Data provided:

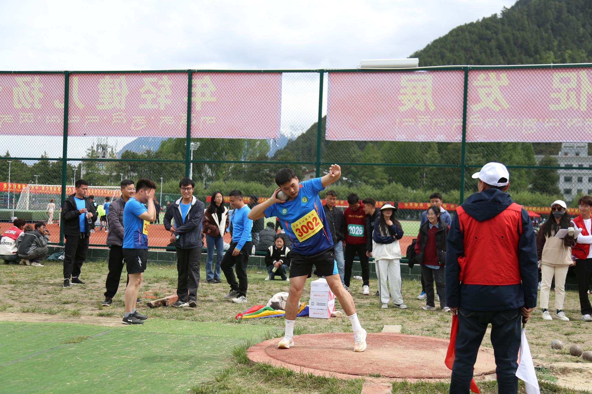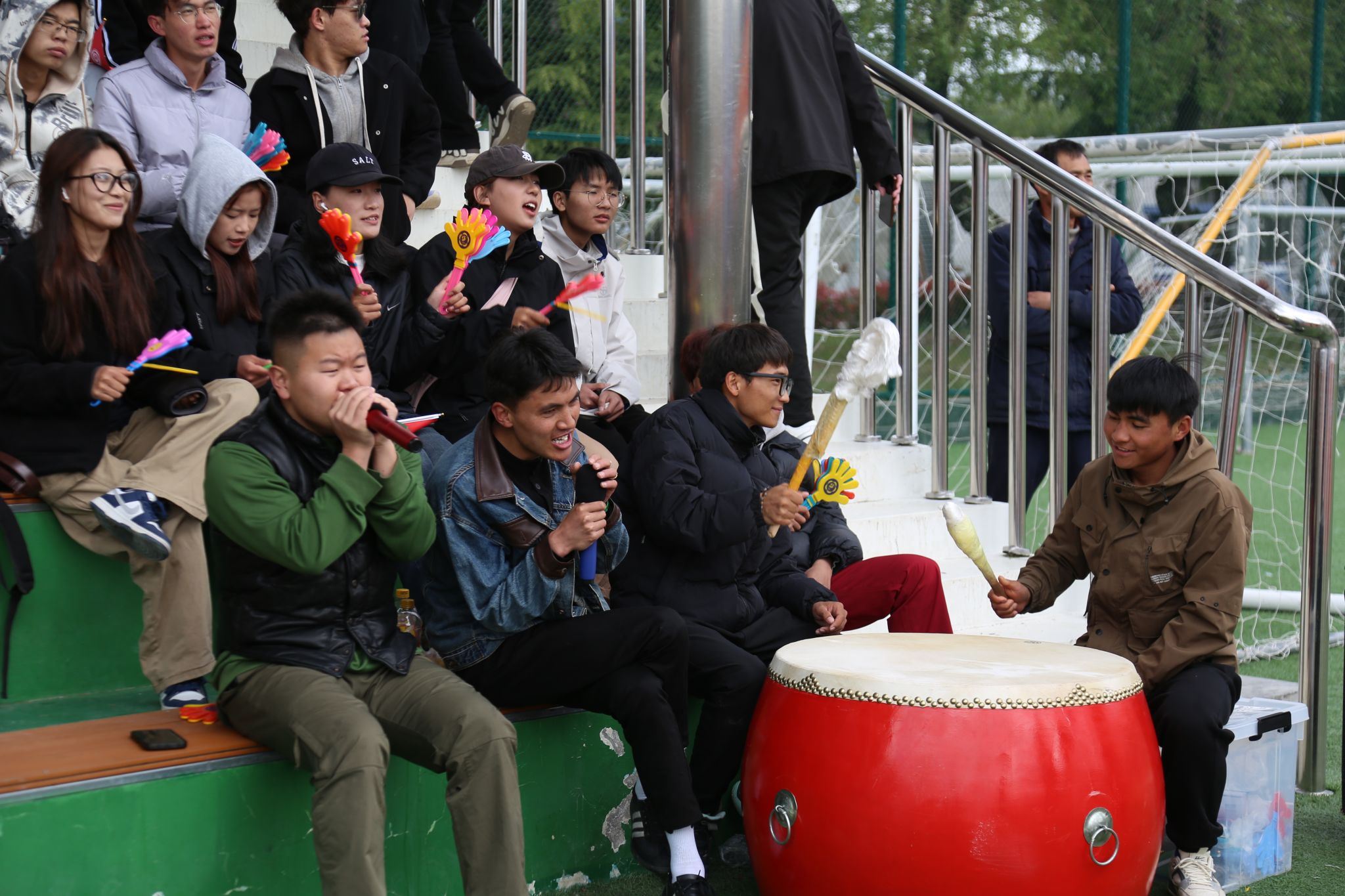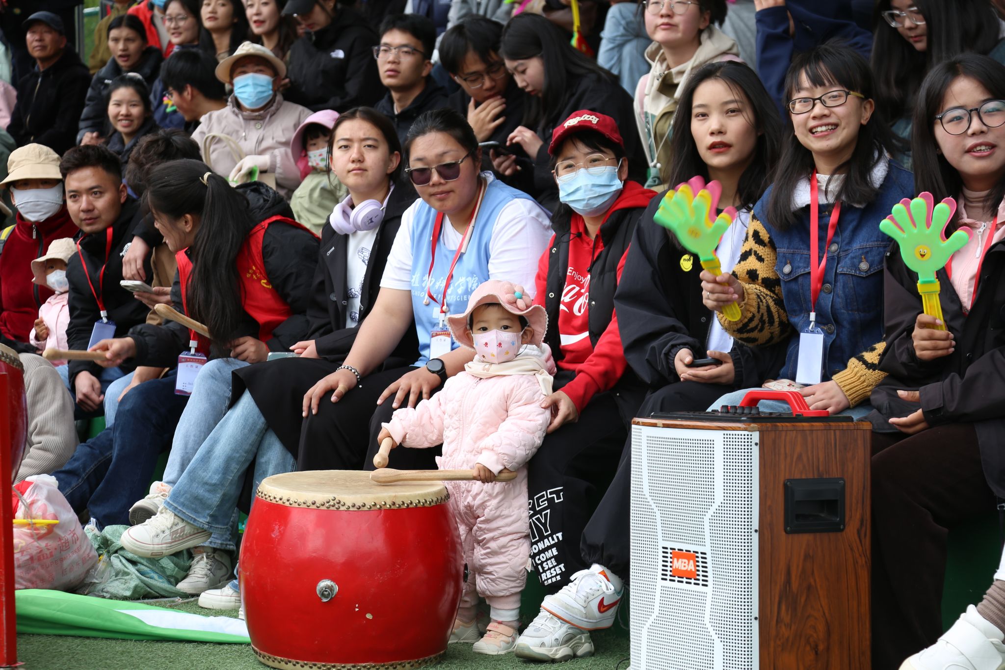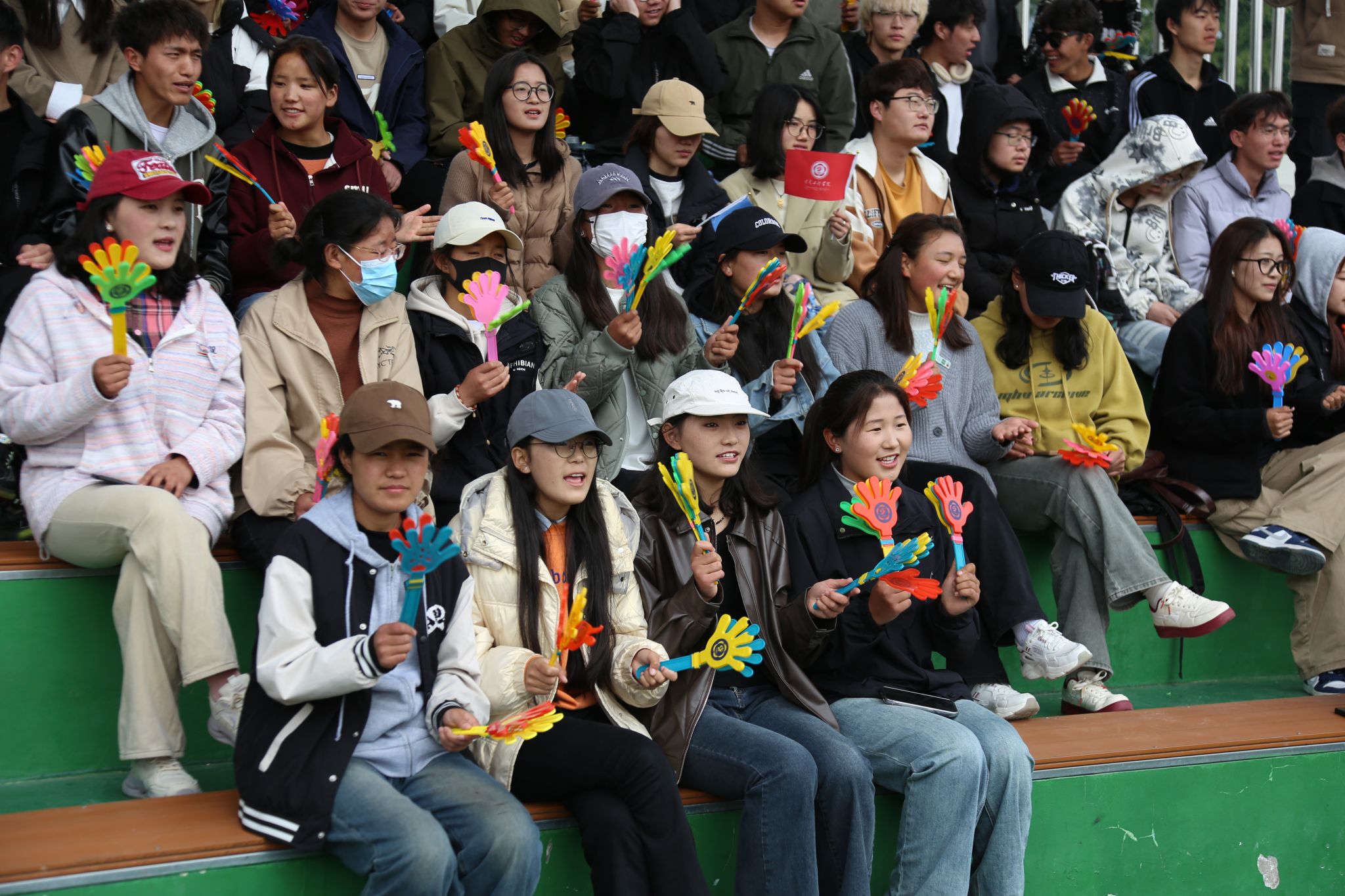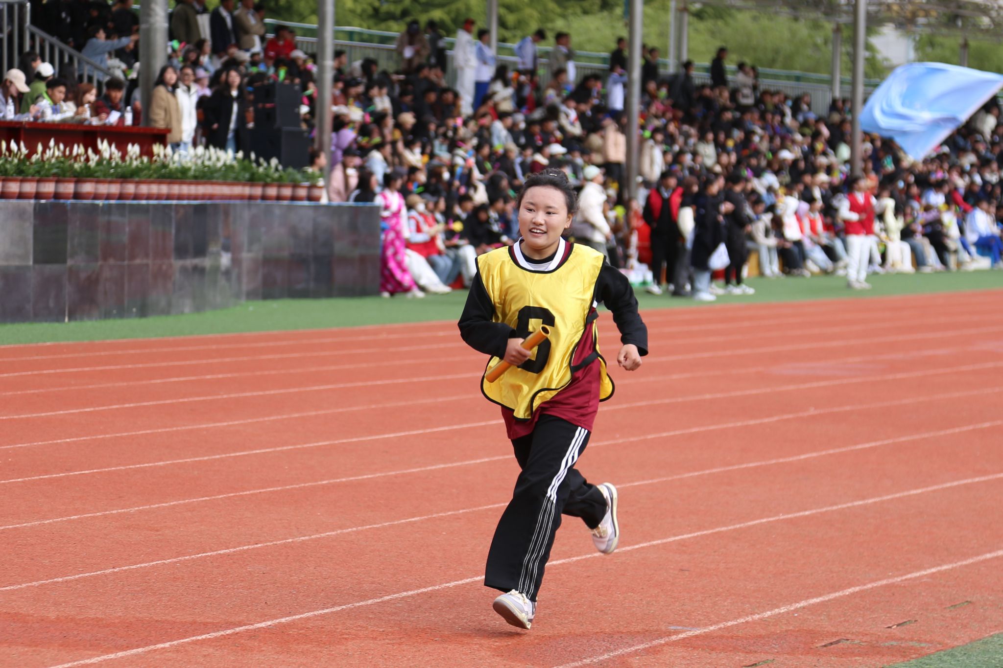 看台上坐满了师生观众,热情地为运动员们呐喊助威
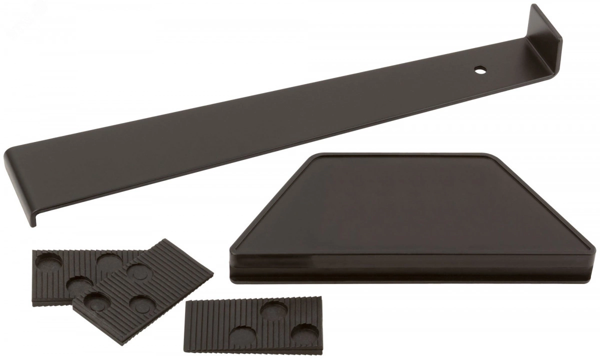 В наборе - пластиковый брусок, монтажная скоба, пластиковые клинья (20 шт.). Регулировка расстояния между ламинатными панелями и стеной с помощью пластиковых клиньев, возможность работы в ограниченном пространстве. Материал - инструментальная сталь, пластик. Упаковка - картонная коробка.
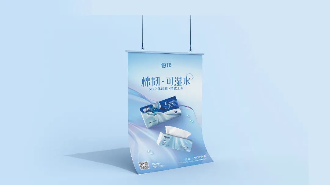 棉韌·可濕水系列攜5D立體壓花精致上新,海報(bào)購(gòu)物袋堆頭展示架等終端物料一體配套,直指產(chǎn)品核心訴求。
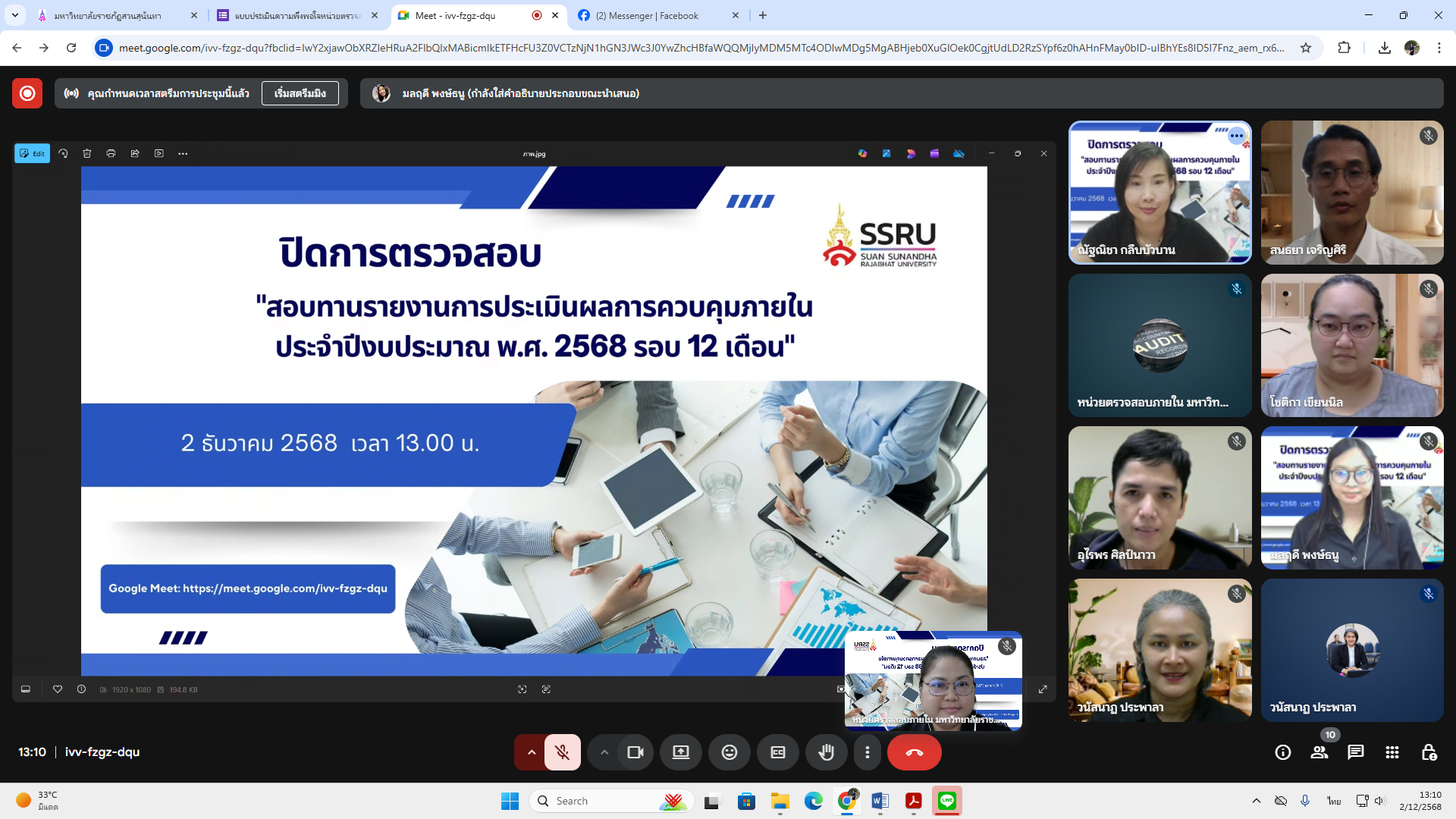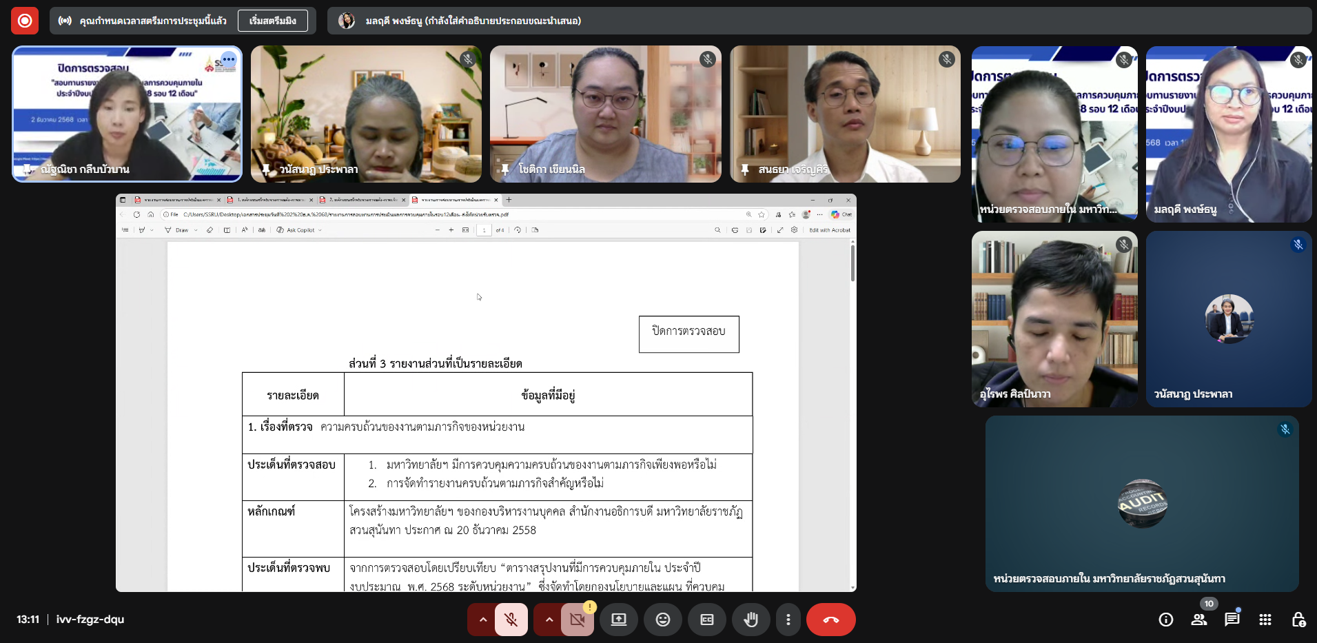 วันอังคารที่ 2 ธันวาคม พ.ศ. 2568 เวลา 13.00 น. หน่วยตรวจสอบภายในประชุมปิดการตรวจสอบ "การสอบทานรายงานการประเมินผลการควบคุมภายใน ประจำปีงบประมาณ พ.ศ. 2568 รอบ 12 เดือน" โดยได้รับเกียรติจาก นายสนธยา เจริญศิริ ผู้อำนวยการกองนโยบายและแผน นางสาววนัสนาฏ ประพาลา หัวหน้าฝ่ายพัฒนาระบบและประเมินผลการปฏิบัติราชการ พร้อมบุคลากรของฝ่าย เข้าร่วมการประชุม ผ่านระบบออนไลน์ Google Meet

Aim of the exercise: Transcribe the span of lines that runs from the line with "В наборе - пластиковый" to the end of the data, both ends included, exactly, with nothing else and no pictures.

Reply:
 В наборе - пластиковый брусок, монтажная скоба, пластиковые клинья (20 шт.). Регулировка расстояния между ламинатными панелями и стеной с помощью пластиковых клиньев, возможность работы в ограниченном пространстве. Материал - инструментальная сталь, пластик. Упаковка - картонная коробка.
 棉韌·可濕水系列攜5D立體壓花精致上新,海報(bào)購(gòu)物袋堆頭展示架等終端物料一體配套,直指產(chǎn)品核心訴求。
 วันอังคารที่ 2 ธันวาคม พ.ศ. 2568 เวลา 13.00 น. หน่วยตรวจสอบภายในประชุมปิดการตรวจสอบ "การสอบทานรายงานการประเมินผลการควบคุมภายใน ประจำปีงบประมาณ พ.ศ. 2568 รอบ 12 เดือน" โดยได้รับเกียรติจาก นายสนธยา เจริญศิริ ผู้อำนวยการกองนโยบายและแผน นางสาววนัสนาฏ ประพาลา หัวหน้าฝ่ายพัฒนาระบบและประเมินผลการปฏิบัติราชการ พร้อมบุคลากรของฝ่าย เข้าร่วมการประชุม ผ่านระบบออนไลน์ Google Meet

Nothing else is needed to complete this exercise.